TIMELY: Texas Baptist Men doubles original goal, providing 100,000 meals to unemployed Texans during COVID-19 disaster

Ministry helps church food pantries meet surging hunger needs because of COVID unemployment

DALLAS, May 14, 2020 (GLOBE NEWSWIRE) -- Texas Baptist Men, one of the state’s premiere disaster relief organizations, is providing 100,000 meals for Texans who are suddenly unemployed during the COVID-19 pandemic – double its original goal.

The ministry created its first virtual feeding team, dubbed “the biggest feeding unit in TBM history,” to multiply the capacity of church-based food pantries and ministries across the state that are struggling to keep up with demand for food as Texas unemployment has skyrocketed to levels not seen in decades.

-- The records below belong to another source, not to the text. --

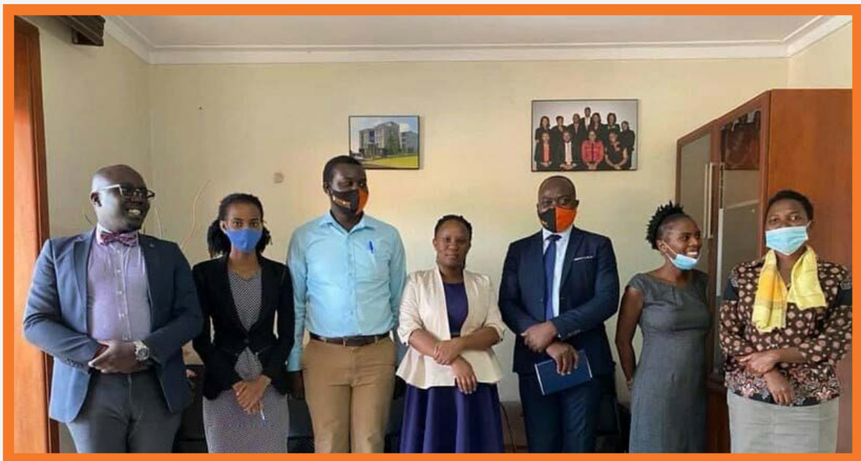
CEFROHT's partnership with Uganda Law Society to promote healthy diets and prevent NCDs using the law and fiscal policy

CEFROHT strategically engages in legal aspects impacting adequate living rights through framing food, nutrition, health, trade and investment issues as constitutional claims and entitlements and also does legal & policy advocacy, community empowerment and action research using a human rights based approach to promote adequate living rights.
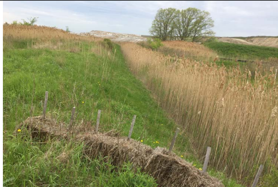
41. Slope Along Internal Ditch. Erosion Control Bails Placed. Vegetation Appeared Heavy and Typical of This Internal Ditch.
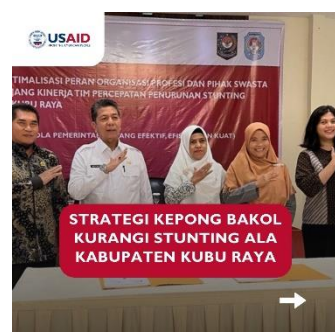
Picture 3. Screenshot of social media engagement for "Kepong Bakol Strategy from Kubu Raya to Reduce Stunting" content.

As indicated in its strategic communications plan, USAID ERAT plans to convey messages to improve local governance and public service delivery through its website and social media channels. The @usaid.erat Instagram account has garnered 978 followers and reached 10,746 unique accounts since its creation a year ago. This account is used as a platform to share information about USAID ERAT's activities, share knowledge about public services to the community, and as means of communication to increase public awareness of public policies. Throughout FY 2023, @usaid.erat posted 102 contents, including 50 collaborative posts with @usaidindonesia , @tonsofidea , and @angin.indonesia . Posts have been made covering topics such as social inclusion, idea-thons, returning out-of-school children movements, stunting, universal healthcare access, CEFM, PSE for public service, and youth engagement.
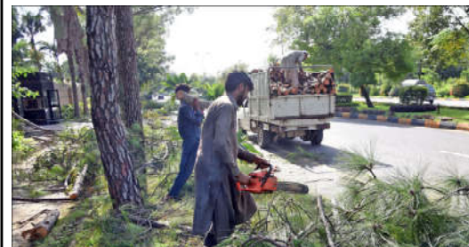
ISLAMABAD: Workers are cutting the trees stems along the Margala road, in the name of tree shaping, which needs the strict action and inquiry to prevent the natural beauty of Federal Capital.

ISLAMABAD (APP): A group of high-ranking officials from the Majlis-e-Shura of the Kingdom of Saudi Arabia (KSA) here on Tuesday visited National Assembly of Pakistan. The visit was in line with the roadmap agreed upon by Speaker of the National Assembly, Raja Pervez Ashraf, and , Chairman of Majlis-e-Shura, Dr. Abdullah bin Mohammed bin Ibrahim Al Sheikh during their meeting, aimed at further strengthening cooperation and collaboration between the National Assembly of Pakistan and the Majlis-e-Shura. The Saudi delegation consisting of official of Majlis-e-Shura was briefed about important initiatives undertaken taken by the national assembly for its complete and comprehensive digitalization. The delegation expressed appreciation about progress of different projects undertaken by National Assembly of Pakistan. Later, the delegates also toured the Parliament House including National Assembly Hall.

Within hours of launching TBM Feeding Texans, the organization already had 40 percent of the funds needed to meet the 50,000 meal goal. Donations, all of which are being used by ministries to purchase food, continued pouring in. Earlier this week, funding surpassed the goal and kept climbing, empowering the ministry to help churches to share Christ’s love with more people.

“All of us know someone who has had their hours cut, been furloughed or been even laid off during the COVID disaster,” Texas Baptist Men Chief Executive Officer Mickey Lenamon said. “People who have never needed to reach out for help suddenly have no other option. We all know the need across the state.

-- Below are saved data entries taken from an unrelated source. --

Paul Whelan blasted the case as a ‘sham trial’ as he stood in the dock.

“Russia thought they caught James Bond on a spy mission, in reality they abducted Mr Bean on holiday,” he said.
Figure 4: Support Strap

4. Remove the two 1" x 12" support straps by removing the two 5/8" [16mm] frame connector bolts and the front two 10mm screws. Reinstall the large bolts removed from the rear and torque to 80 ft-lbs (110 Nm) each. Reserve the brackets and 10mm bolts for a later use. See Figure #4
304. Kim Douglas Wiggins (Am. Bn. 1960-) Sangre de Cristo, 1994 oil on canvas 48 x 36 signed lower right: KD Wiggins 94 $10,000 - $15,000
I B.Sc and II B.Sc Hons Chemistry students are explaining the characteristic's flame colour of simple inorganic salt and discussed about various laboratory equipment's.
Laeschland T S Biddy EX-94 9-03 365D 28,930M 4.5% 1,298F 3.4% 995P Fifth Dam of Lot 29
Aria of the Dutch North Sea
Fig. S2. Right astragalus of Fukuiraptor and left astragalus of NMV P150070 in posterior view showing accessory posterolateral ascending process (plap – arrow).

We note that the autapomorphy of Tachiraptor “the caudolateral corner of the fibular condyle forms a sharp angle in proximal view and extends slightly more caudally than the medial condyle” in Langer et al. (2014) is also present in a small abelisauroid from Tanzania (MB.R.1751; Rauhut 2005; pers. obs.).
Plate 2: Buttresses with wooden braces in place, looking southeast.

“Members of the TBM family gave sacrificially to help their fellow Texans in need. Christ commands us to care for the hungry in their time of need, and friends, families and churches are seeking to live out that teaching through TBM.”

Texas Baptist Men already has distributed 50,000 meals and is in the process of distributing the other 50,000. The meals are helping struggling families in nearly every major city in Texas, including Abilene, Amarillo, Del Rio, Dallas, Fort Worth, Houston, Laredo, Lubbock, Midland, San Antonio, Sonora, Tyler, Waco and Weslaco. In several of these locations, TBM coupled the use of their vehicles and trailers with funds to double and even triple the outreach, empowering churches to meet the needs of more people.

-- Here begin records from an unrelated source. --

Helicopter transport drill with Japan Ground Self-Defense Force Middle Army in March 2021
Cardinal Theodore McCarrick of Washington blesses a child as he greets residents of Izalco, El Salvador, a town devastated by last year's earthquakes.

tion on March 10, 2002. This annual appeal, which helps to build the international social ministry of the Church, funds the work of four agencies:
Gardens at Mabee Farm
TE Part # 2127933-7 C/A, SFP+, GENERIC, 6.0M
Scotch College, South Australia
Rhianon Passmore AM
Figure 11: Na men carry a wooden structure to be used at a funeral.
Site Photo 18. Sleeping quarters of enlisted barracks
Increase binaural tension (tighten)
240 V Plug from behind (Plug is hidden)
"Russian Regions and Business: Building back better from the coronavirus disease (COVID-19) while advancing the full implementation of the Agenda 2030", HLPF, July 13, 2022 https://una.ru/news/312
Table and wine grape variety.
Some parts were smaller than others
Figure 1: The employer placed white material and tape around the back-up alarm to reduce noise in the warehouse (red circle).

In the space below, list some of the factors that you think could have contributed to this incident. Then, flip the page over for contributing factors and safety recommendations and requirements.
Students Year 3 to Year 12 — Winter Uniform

Texas Baptist Men’s effort came at the perfect time, said Jeff Chadwick, executive director of Mission Centers of Houston. “Right now, this is so needed. We get all our food from the Houston Food Bank, and they’ve just been overrun by the major distributions. We’re finding food kind of hard to come by.”

The economic slowdown is even affecting people where the disease isn’t, such as Sutton County, which has had no confirmed COVID-19 cases. The downturn has impacted people there, sending them searching for assistance. TBM helped the Food and Resource Center of Sutton County with additional resources through First Baptist Church in Sonora.

“About 75 percent of our local economy is oil and gas. When that closed, we saw a big bump in families needing food,” said Matt Killough, pastor of First Baptist Church in Sonora.

Across the state, food distributions are opening up conversations with people that have never been to church. Individuals are asking church leaders to pray with them. Congregations are encountering on-going ministry opportunities.

TBM is supporting First Baptist Church in San Antonio’s food distribution. Through the ministry, church leaders met a couple who worked at Luby’s Cafeteria, which has been affected by the slowdown. As a result, the couple hasn’t worked in weeks. The church’s grocery distributions make sure the couple and their three elementary-school age children have something to eat.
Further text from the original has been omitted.